Authored by Abraham Rudnick
Perspective
Complementary and Alternative Medicine (CAM) is commonly used Harris PE, et al [1], but its outcomes are mixed. For example, some prevention remedies such as Echinacea for secondary prevention of common colds have not been shown to be effective [2]. And some treatment interventions such as actual (compared to simulation) acupuncture for alleviation of some types of chronic pain have been shown to be effective [3,4]. The endorsement of CAM as such – by practicing clinicians and others supporting health care such as policy makers and health educators – when it is not rigorously shown to be more effective than placebo or sham/simulation care, is arguably unethical, as has been demonstrated to be the case with orthomolecular psychiatry [5]. Such endorsement of CAM should thus be addressed from a practice, policy and education perspective.
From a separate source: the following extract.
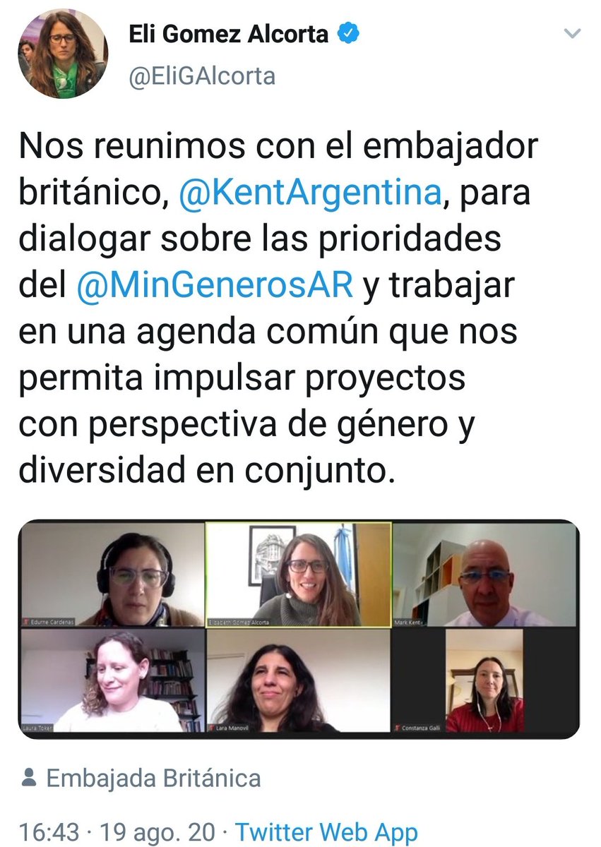 Gómez Alcorta no es la única funcionaria del Gobierno Nacional con relaciones estrechas con el ex-flogger devenido en «lonko» mapuche, también Victoria Donda le ha brindado su apoyo explícito. Curiosamente, Donda es otra funcionaria afecta a visitar la Embajada Británica.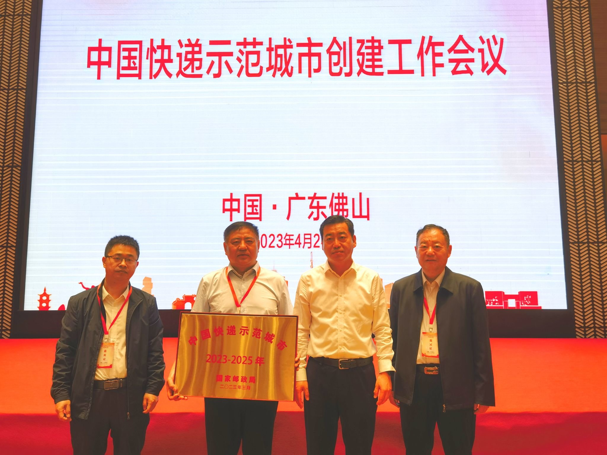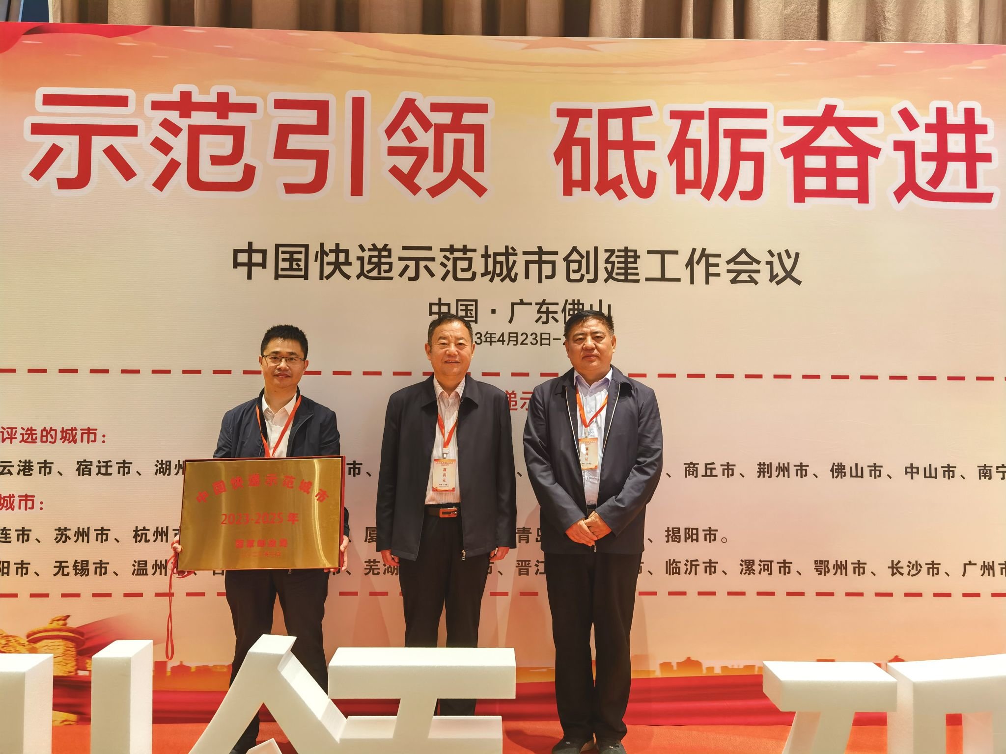 4月24日,国家邮政局在广东省佛山市召开“中国快递示范城市”创建工作会议,商丘荣获“中国快递示范城市”称号。商丘市政府党组成员梁万涛代表商丘市接受授牌颁奖。

From a practice perspective, no CAM should be provided (nor offered) by clinicians if there is no robust evidence supporting its effectiveness (and safety) compared to one or more effective (and safe) active interventions. Such independently replicated evidence requires multiple randomized controlled trials and meta-analysis or comparable research such as well-matched quasi-experimental studies and systematic reviewing. From a policy perspective, no CAM should be publicly funded if there is no robust evidence supporting its effectiveness (and safety); robust evidence supporting cost-effectiveness of CAM should be a preference rather than a requirement, as in various clinical situations, such as life threatening health challenges, cost considerations can be viewed as having secondary or marginal importance. And from an education perspective, no CAM should be taught to clinicians (nor arguably messaged to the general public) if there is no robust evidence supporting its effectiveness (and safety). Thus, aligning practice, policy and education with (robust) evidence is crucial for the ethics of CAM.